Otro ejemplo, la Nueva Constitución lograda vía Asamblea Constitucional. Importantes protestas sociales se sucedieron y se sucederán en apoyo a esta causa, este es un «gran relato», pues la dialéctica social detrás de esa protesta busca poner a la ciudadanía como sujeto constituyente de dicho cuerpo político. Este «gran relato», como lo llamamos, no tiene cabida alguna en el Congreso que cree que la reforma constitucional lograda con estricta sumisión a las reglas contempladas en el capítulo 15 de la Constitución vigente (con todo y consecuencias), es la vía idónea para lograr una Nueva Constitución. En este sentido, el Congreso cree que su opinión se superpone a la de la ciudadanía, malentendiendo el concepto de «soberanía popular» y relativizándolo.
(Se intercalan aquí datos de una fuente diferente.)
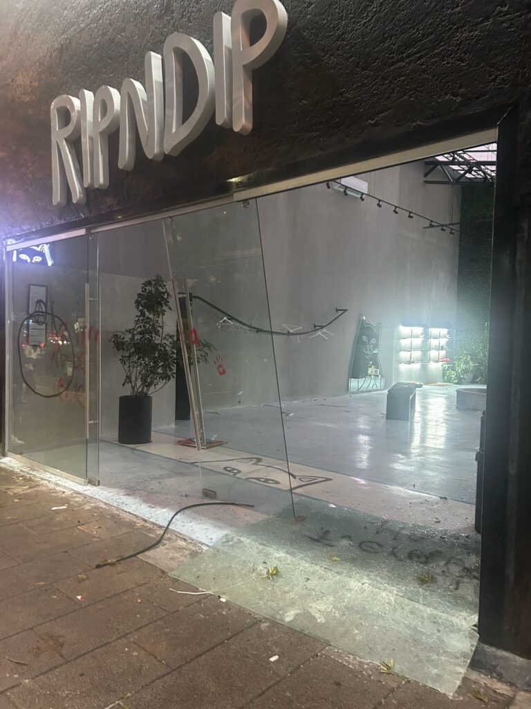 Uno de los grafitis pintados sobre vidrios rotos contenía la frase “Fuera de México”, mientras varias personas arrojaban piedras a fachadas de establecimientos de lujo. Algunos comerciantes denunciaron saqueos y daños materiales considerables, mientras que otros expresaron temor por la escalada de tensión entre locales y extranjeros.

Nuevamente: no importando cuántas veces el sujeto inicie una dialéctica social que demande una nueva Constitución redactada por ese sujeto constituyente, el poder no la tomará en cuenta, porque el poder institucional entiende la sociedad siguiendo el fenómeno del «estructuralismo filosófico», donde no hay sujeto constituyente, donde no hay ni pequeños ni grandes relatos sociales, sólo los relatos que el poder cree correctos y que esgrime sin vergüenza alguna en aras a defender sus intereses y valores.
Es lamentable que el Congreso entienda que «el pueblo ha muerto», porque si este ha muerto, entonces; sus relatos y su pulsión partera de historia también se van con él. Ante la inexistencia de un parlamento comprometido con los grandes relatos sociales sucedidos «puertas afuera» del Parlamento chileno y que además entiende paupérrimamente el contenido sustantivo de esos relatos; el pueblo queda solo, completamente solo, como hubiera dicho en su momento El Eternauta de Oesterheld.
Está demás decir que esto podría mejorar si el Congreso chileno elaborara nuevamente los cimientos de sus bases. Y queda en manos de nosotros, el pueblo, seguir controlando el actuar de este órgano del Estado y de muchos otros, a la vez que queda en nuestras manos vigilar y juzgar la injerencia de los poderes fácticos dentro de la sociedad, pues es la única manera de descosificar el título de «ciudadanía» que poseemos y que tanto ha querido instrumentalizar el poder.